Diario UNO de Mendoza (página 9), 13 de mayo de 2015
Panorama complejo, el oficialismo, con su versión más conservadora, pelea cabeza a cabeza con la alianza liderada por los radicales, que sumó a sus filas como aliados a gansos y neoliberales. Desde ambos bandos ven casi imposible sumar nuevos electores, pero sí el perder propios, por lo que la tercera fuerza, el Frente de Izquierda, se vuelve clave en el asunto.
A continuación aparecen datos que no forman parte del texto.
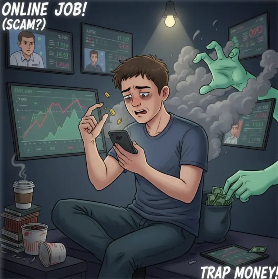 สวัสดีครับพี่น้อง ทุกท่าน ผม "วิน" ครับ วันนี้ผมขออนุญาตมาพูดเรื่องที่เจ็บปวดสำหรับคนยุคนี้ คือเรื่อง "การจ้างงานออนไลน์" ครับ ในยุคที่เศรษฐกิจฝืดเคือง ใครๆ ก็อยากมีรายได้เสริม แต่รู้ไหมครับว่าคำว่า "งานง่าย" มักจะตามมาด้วย "ราคาแพง" ที่เราต้องจ่ายด้วยสุขภาพและเวลาเสมอ
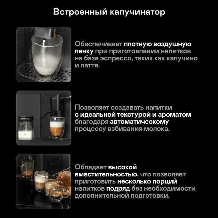 Начнем с внешнего вида. Компактная, черная, строгая красотка. Хорошо вписалась в кухню, не занимает много места, что для меня было важно. Заявленные функции: капучино с густой пенкой, латте, эспрессо... и всё это в одно касание! Первое утро с ней – просто волшебство. Одно нажатие, и ароматный капучино был готов. Пенку делает такую густую, что ложка стоит. Давление в 20 бар – не шутка, эспрессо получается супернасыщенным. Конечно, переживала за настройки, но оказалось всё до смешного просто. Сенсорный дисплей понятен даже моей бабуле. Установила свои параметры – и кофемашина запомнила любимые пропорции.
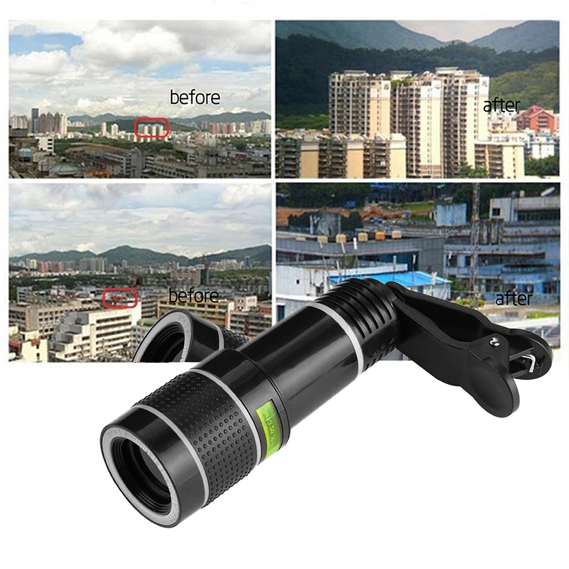 100% новый бренд и высокого качества телескоп имеет 20 раз зум, с помощью которой можно регулировать фокусное расстояние хорошо. Телескоп можно использовать как монокуляр. На 360 градусов Нет черного угла, запечатлейте более четкое изображение для вас. Подходит для большинства типов мобильных телефонов, включая флип-телефоны и бар-телефоны, заднюю камеру телефона, телескоп через зажим. Качество мобильного изображения может быть улучшено. Подходит для игры, концертов, туризма, наблюдения за животными, съемок с большим радиусом действия репортера и т. д. Частный детектив фотографирует экспертизу, геологоразведку, управление лесным хозяйством, планирование железнодорожных портов и т. Д. В комплект входит: телеобъектив, зажим, салфетка для очистки. Используйте уход, потому что линза точно отрегулирована, если она падает или ударяется, поле может не совпадать, и изображение будет отклоняться, а затем не падать в воду. Как только он попадет в воду, пожалуйста, почините его быстро. Тогда не смотрите на солнце абсолютно, ваши глаза могут иногда болеть и слепить.
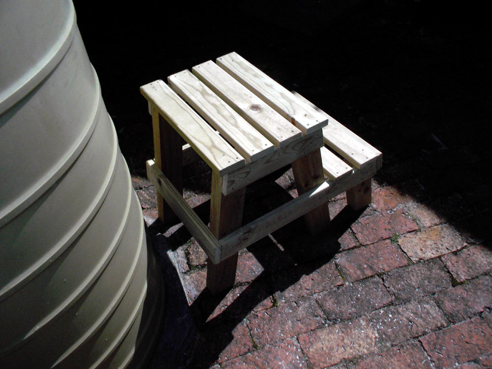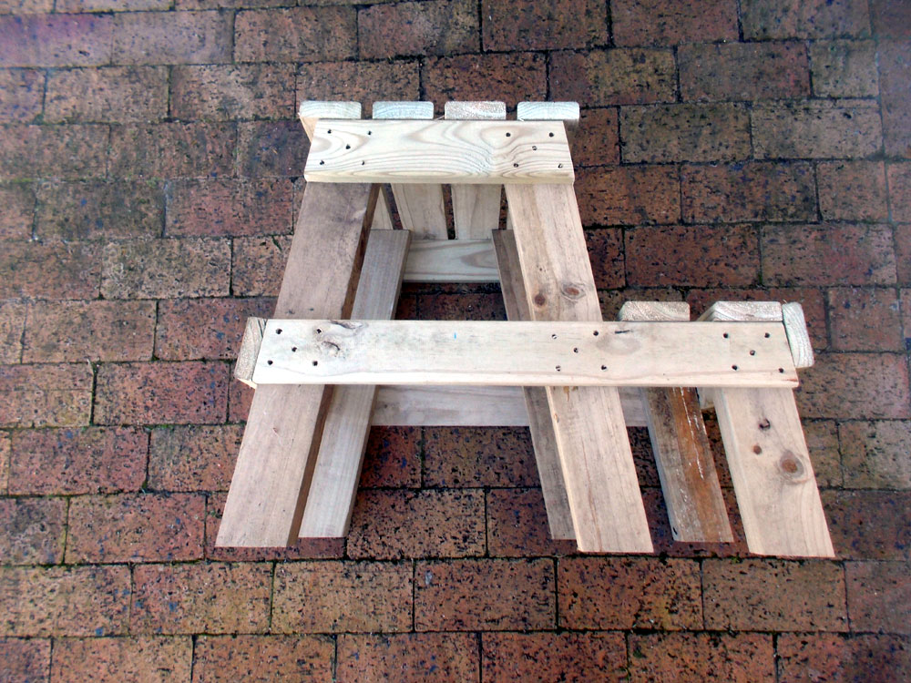 - Here you can see the two lower step slats (space 22mm apart and 22mm from the rear legs, and the front cross-brace, flush with the top edge of the step.
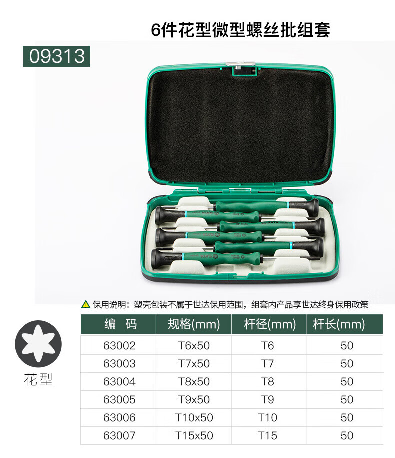 世达 一字微型螺丝刀组套 09311 6件 1套
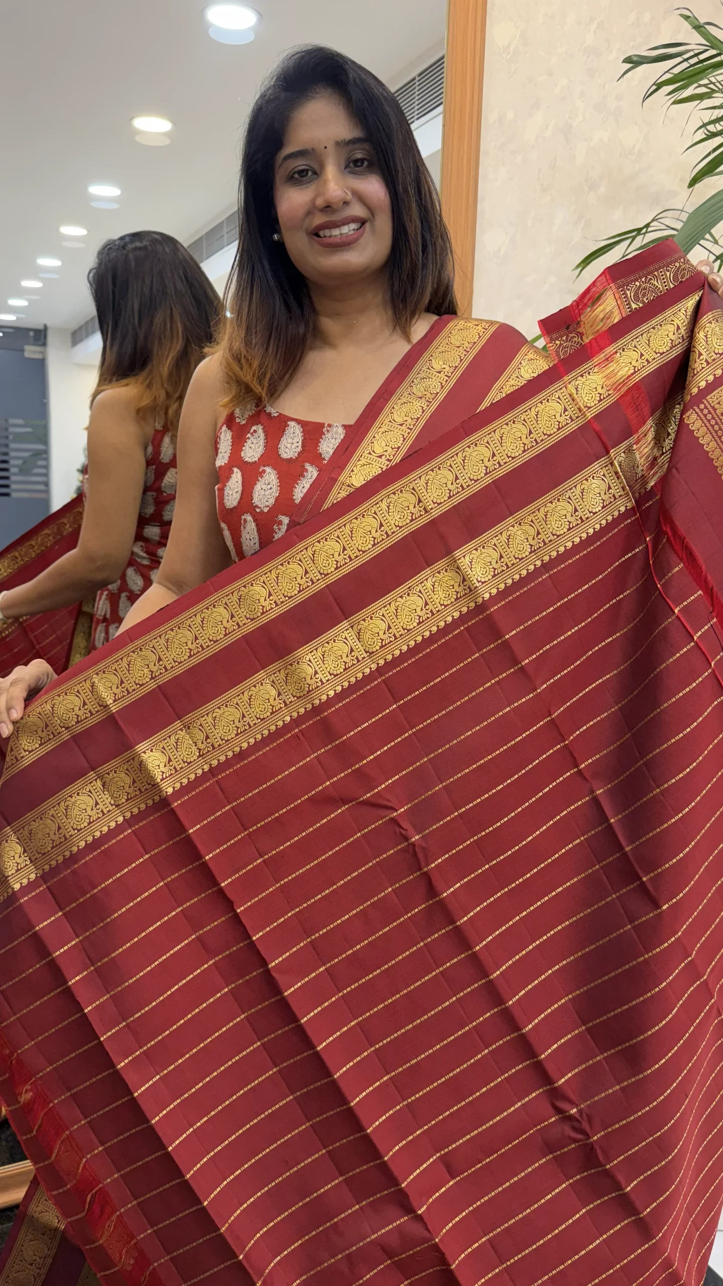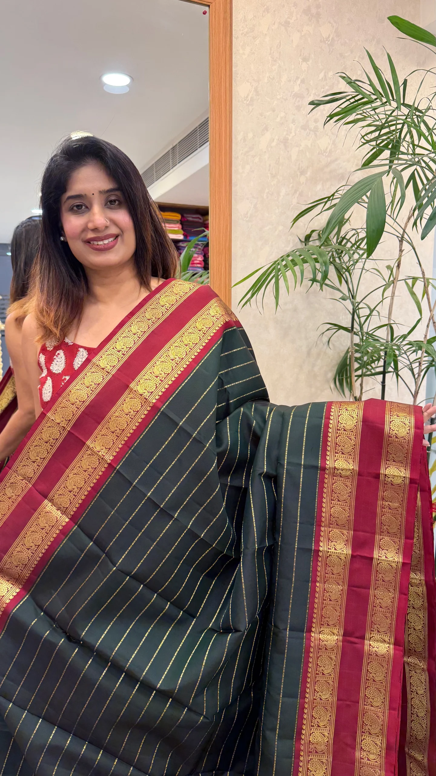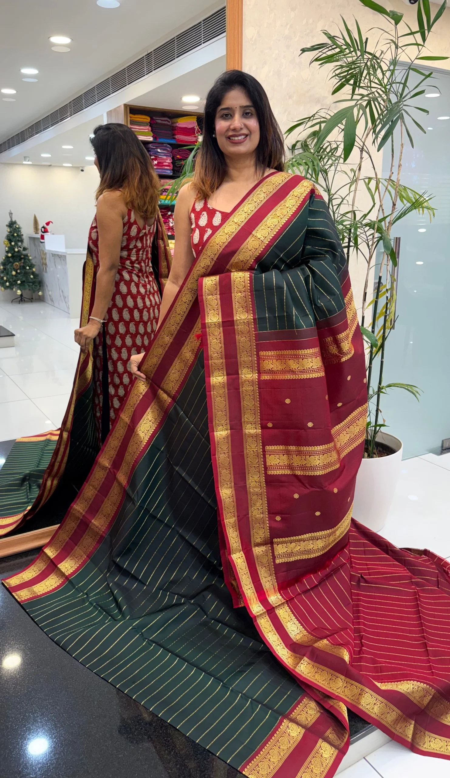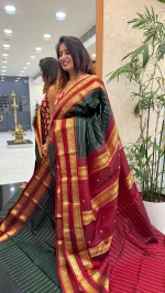 Crafted from smooth, premium silk, this saree offers a graceful drape and a natural sheen that makes it ideal for weddings, festive celebrations, religious ceremonies, and cultural occasions. The harmonious blend of deep green, maroon, and gold creates a classic look that never goes out of style.
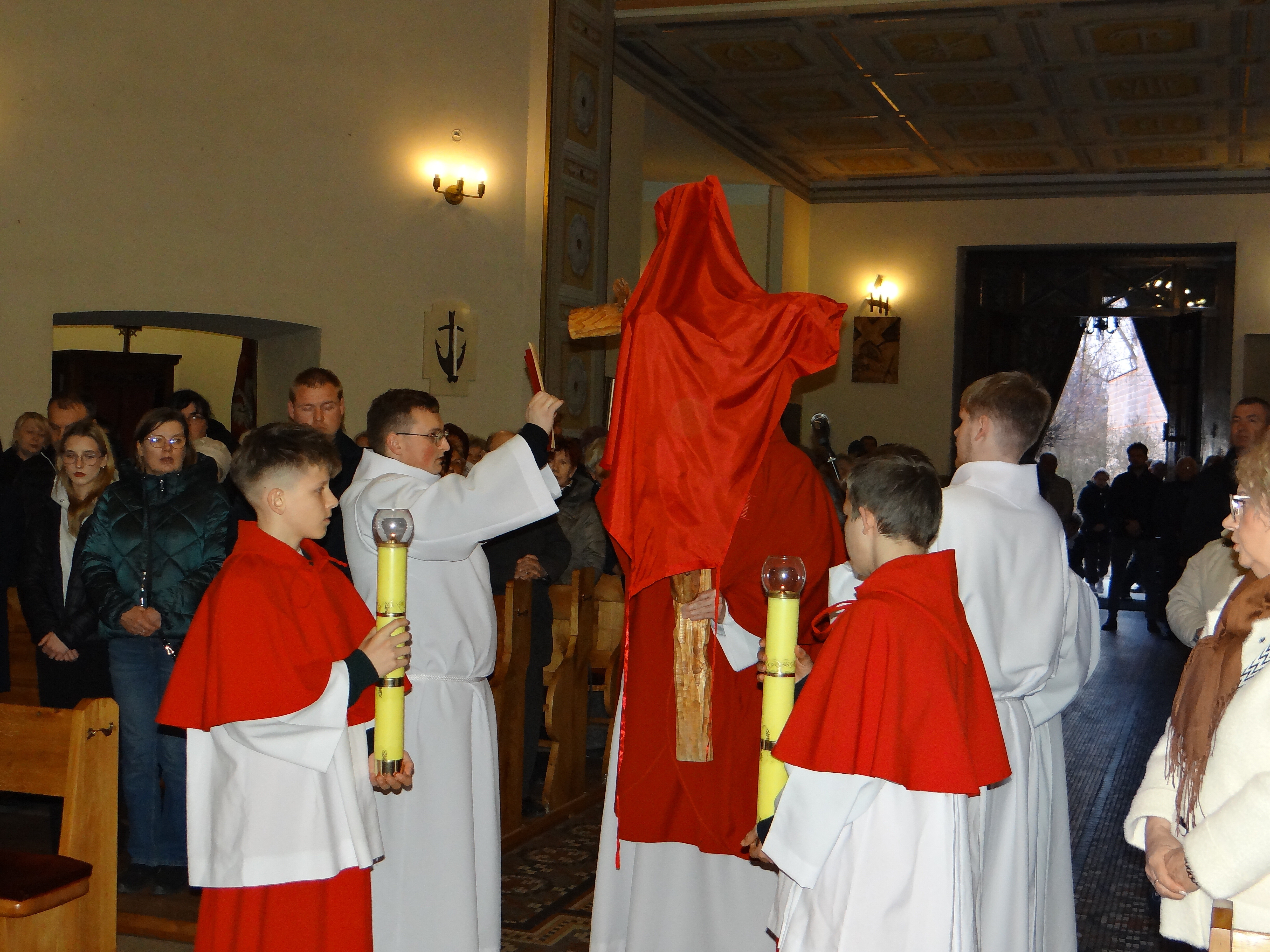 Po modlitwie wstępnej rozpoczęła się Liturgia Słowa. Dzisiejsze czytania ukazały dramat niesprawiedliwego wyroku, cierpienie oraz ofiarę życia Jezusa Chrystusa za nasze grzechy. Szczególnie poruszającym momentem było odczytanie Męki Pańskiej według św. Jana. W chwili, gdy zabrzmiały słowa Jezusa: „Wykonało się”, wszyscy wierni uklękli i trwali w milczeniu, wyrażając wdzięczność za zbawczą śmierć Chrystusa na krzyżu.
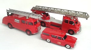3) Dinky 956 Turntable Fire Escape has an original bright red finish, window glazing, silver platform, and ridged Supertoy wheels. Both bright bells are present on the cab roof! Winding handle operates the raising and lowering of the two-piece extending ladder. Several little marks at exposed edges.
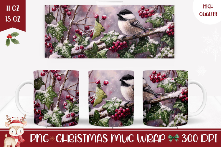 Cartoon Christmas Bird Mug Design, Winter Berries Mug Wrap example image 1
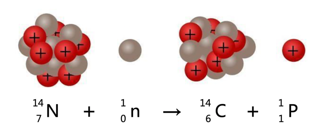 碳元素(C)是自然界中含量较高的元素,主要有三种同位素(质子数都为6,但中子数不同),即稳定同位素C-12、C-13和放射性同位素C-14。其中,C-12最常见,C-14含量较少。那么,C-14是怎么来的呢?在宇宙射线的作用下,空气中氮原子原子核中的质子数量发生改变,原来的7个质子变成了6个,形成一种分子量是14的碳同位素——C-14。
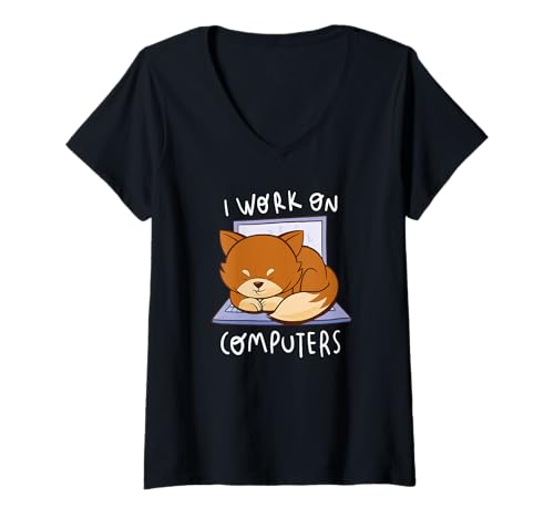 Womens I Work On Computers Funny Cat Lover Kitty Laying Down 2025 V-Neck T-Shirt
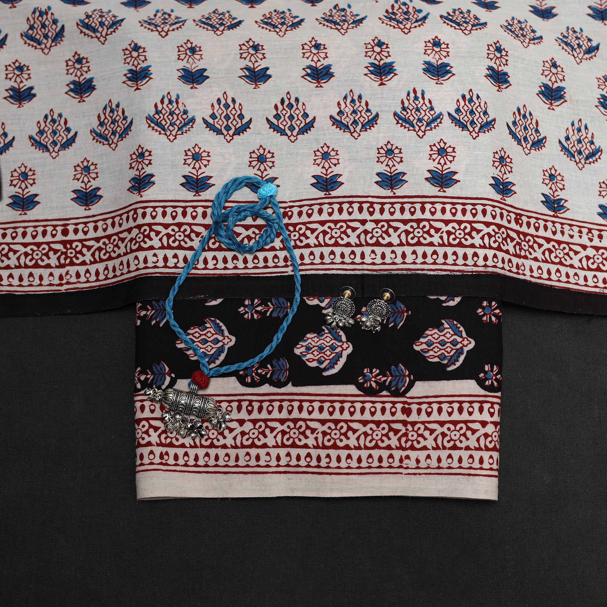 This black bagh hand block printed cotton 3pc suit material is crafted using natural dyes through traditional techniques by master artisan Umar Faruk Khatri from Madhya Pradesh. Crafted from soft and breathable cotton, it ensures all-day comfort and effortless style. The set also includes a matching necklace and earrings, making it a perfect choice for everyday wear and festive occasions.
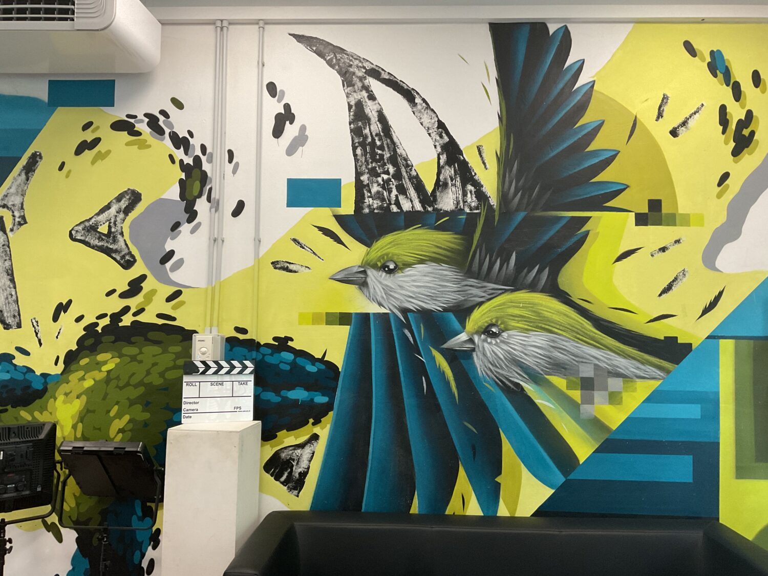 Per esempio, entrando nella stanza della nuova sede, non potevo non notare il bellissimo graffito di Psiko che in diverse tonalità e sfumature di giallo e blu ritrae degli uccelli in volo. Fa parte di un progetto, GraffiaFe, iniziato nel 2006 e terminato nel 2015, tenuto proprio dagli stessi writer che anni prima avevano partecipato ad un laboratorio, in maniera del tutto volontaria.
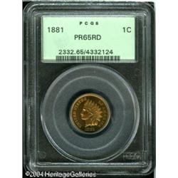 1881 1C PR65 Red PCGS. Beautiful copper-red colora <B>1881 1C PR65 Red PCGS.</B></I> Beautiful copper-red coloration adorns the fully struck, well preserved surfaces, that only show a couple of minor contact marks, and a pair of small dark spots, on the obverse. The reverse is spot-free and seems blemish-free. Population: 54 in 65, 27 finer (11/04). <BR><BR><B>Important notice:</B> Heritage usually auctions material at the rate of 200-250 lots per hour. On some occasions eBay Live bid software or the Internet may not be able to keep up with the pace of the auction. We recommend placing a realistic absentee bid now as insurance to avoid disappointment. Occasionally the auctioneer may eliminate or reject an eBay Live bid, and the auctioneer may also reopen a lot after the close of the eBay live bidding (usually because we missed an audience bid), and may reject your bid even if it shows you as the winning bidder. By bidding via eBay Live, you agree that Heritage may award the lot to another bidder at its sole discretion under the circumstances described above or any other reasonable circumstances. Since eBay bids are not shown to us until we open the lot on the floor, we treat those bids just like floor bids. In most cases the floor responds before the eBay bid is presented to us, due to Internet lag time, so for consistency we have made it a policy that floor bids are always considered first over tie eBay live bids. Also please note that all Heritage lots purchased through eBay Live carry a 20% Buyer's Premium. Please make sure you read the Terms and Conditions before you bid. This lot is being auctioned in conjunction with a live floor auction by Heritage Galleries & Auctioneers. All final auction and invoice information will be supplied by Heritage Galleries & Auctioneers, and all other information should be considered preliminary. Lot:5125
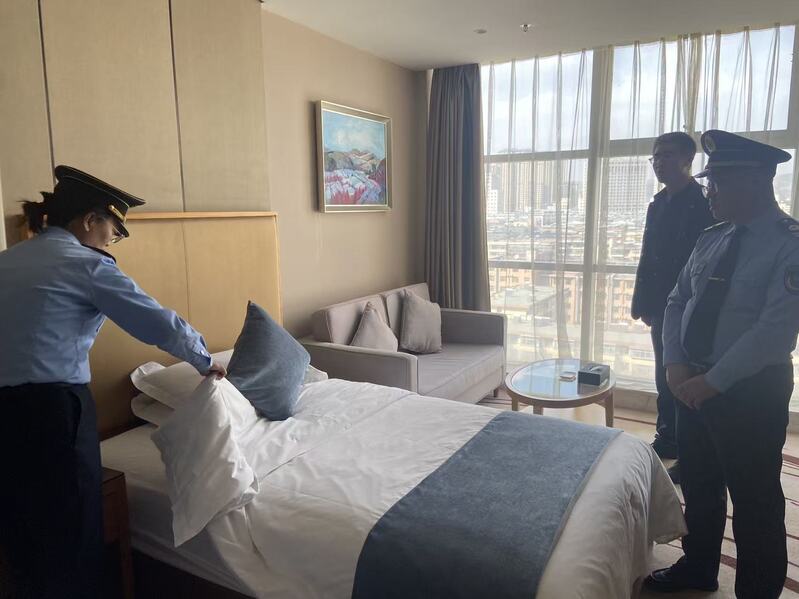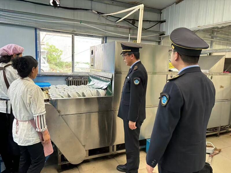 在餐饮具集中消毒单位,执法人员就卫生管理制度落实、生产环节卫生把控、出厂餐具自检、工作人员卫生管理及餐具清洗消毒执行等开展监督检查。
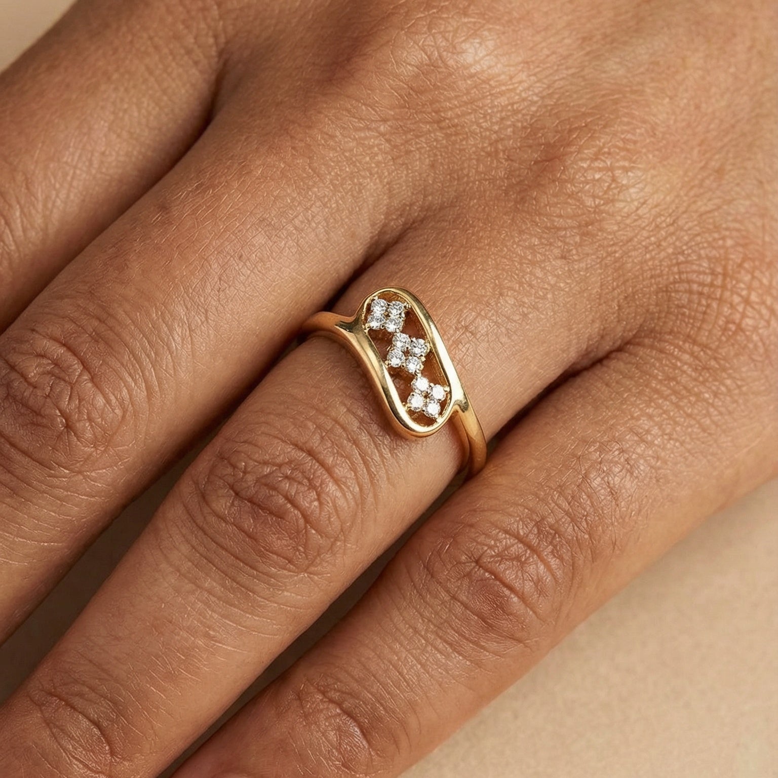 Soft curves meet subtle sparkle ✨ The Celeste Curve Ring is designed for women who love understated luxury. Featuring a sleek open-oval silhouette with delicately placed...

Tras las PASO, para las elecciones que vienen no se pueden inventar nuevos partidos quitavotos, algo que las estrategias mazzonísticas dejaron bien enseñado en algunos de los que dibujan el futuro político de su provincia. Hay un acuerdo entre los politólogos, y es que las elecciones las ganará al que se le vayan menos votantes al FIT. Tras el segundo lugar conseguido por Del Caño en Ciudad, el mapa electoral y táctico cambió definitivamente.
Y así fue que alguien especuló en voz alta, y con encuestas en la mano, de que muchos votantes que apoyaron al Frente Para la Victoria en las PASO ahora se volcarían por el FIT, a lo que el mismísimo gobernador, Francisco Pérez, retrucó –afirmando esa especulación– al agregarle en su análisis que serían también muchos votos radicales lo que se mudarían para la boleta que lidera Noelia Barbeito.